*** Opening Data block ***

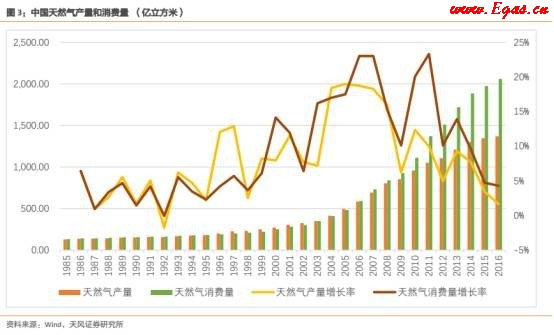2016年中國天然氣消費量2058億立方米,產(chǎn)量1368億立方米,供需缺口近700億立方米,對外依存度34%。自2014年起,中國天然氣的產(chǎn)量和消費量增速均有所放緩,但消費量的增速仍然持續(xù)大于產(chǎn)量的增速。隨著中國城鎮(zhèn)化過程中居民能源消費結構的變化,以及環(huán)保監(jiān)管日趨嚴格的背景下燃氣替代煤炭供電供熱需求的提升,天然氣下游消費有進一步增長的空間。開發(fā)國內非常規(guī)天然氣、進口管道氣、進口LNG是解決中國天然氣供需缺口的三大主要途徑。
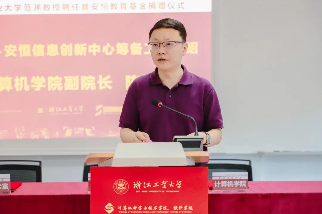 計算機科學與技術學院、軟件學院陳鐵明副院長介紹了浙工大-安恒信息創新中心的籌備工作。
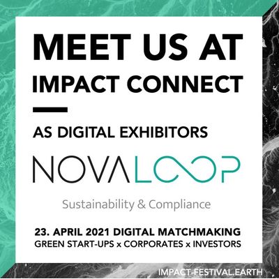 NovaLoop wird am 16. und 17. September 2021 beim diesjährigen Impact Festival vertreten sein. Die 2-tägige Veranstaltung vernetzt Start-ups, Unternehmen, Investoren und Thought-Leader, um nachhaltige Business-Modelle zu diskutieren und zu entwickeln. Am Donnerstag, 16. September, hält NovaLoop einen Impulsvortrag zum Thema „The roadmap from market access compliance to implementing sustainability goals” im Rahmen einer Masterclass.
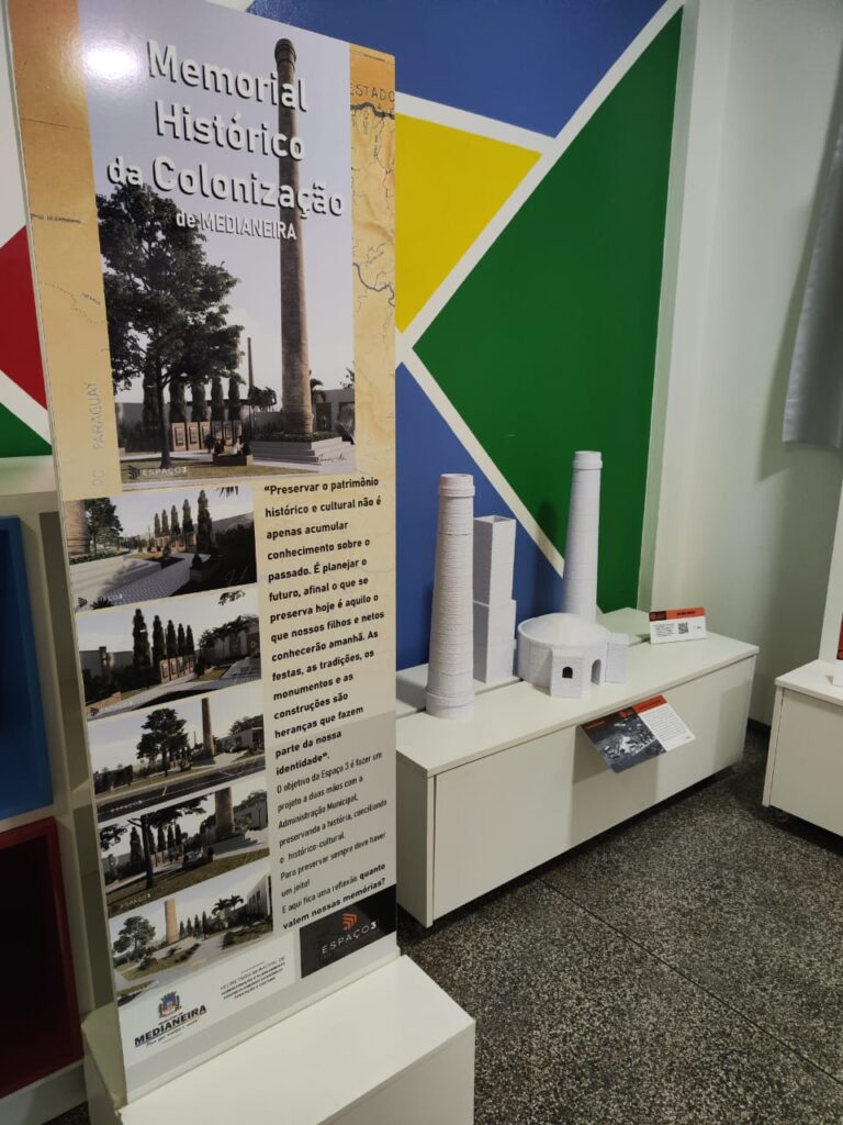 A Prefeitura de Medianeira, através da Casa da Memória Roberto Antonio Marin, firmou uma parceria histórica, cultural e educativa com o Colégio Bertoni Elos, que recebeu, na manhã de hoje (07), a exposição itinerante “ORIGEM: Raízes históricas da colonização de Medianeira”. O evento integra as 65 ações que fazem parte da programação de aniversário do município.

*** Closing Data block ***

▶ **The task**: From the line that contains "NovaLoop wird am" down to the last line of the material above, every line must be repeated exactly, with pictures removed and both end lines included.

▶ **Response to this exercise**:
 NovaLoop wird am 16. und 17. September 2021 beim diesjährigen Impact Festival vertreten sein. Die 2-tägige Veranstaltung vernetzt Start-ups, Unternehmen, Investoren und Thought-Leader, um nachhaltige Business-Modelle zu diskutieren und zu entwickeln. Am Donnerstag, 16. September, hält NovaLoop einen Impulsvortrag zum Thema „The roadmap from market access compliance to implementing sustainability goals” im Rahmen einer Masterclass.
 A Prefeitura de Medianeira, através da Casa da Memória Roberto Antonio Marin, firmou uma parceria histórica, cultural e educativa com o Colégio Bertoni Elos, que recebeu, na manhã de hoje (07), a exposição itinerante “ORIGEM: Raízes históricas da colonização de Medianeira”. O evento integra as 65 ações que fazem parte da programação de aniversário do município.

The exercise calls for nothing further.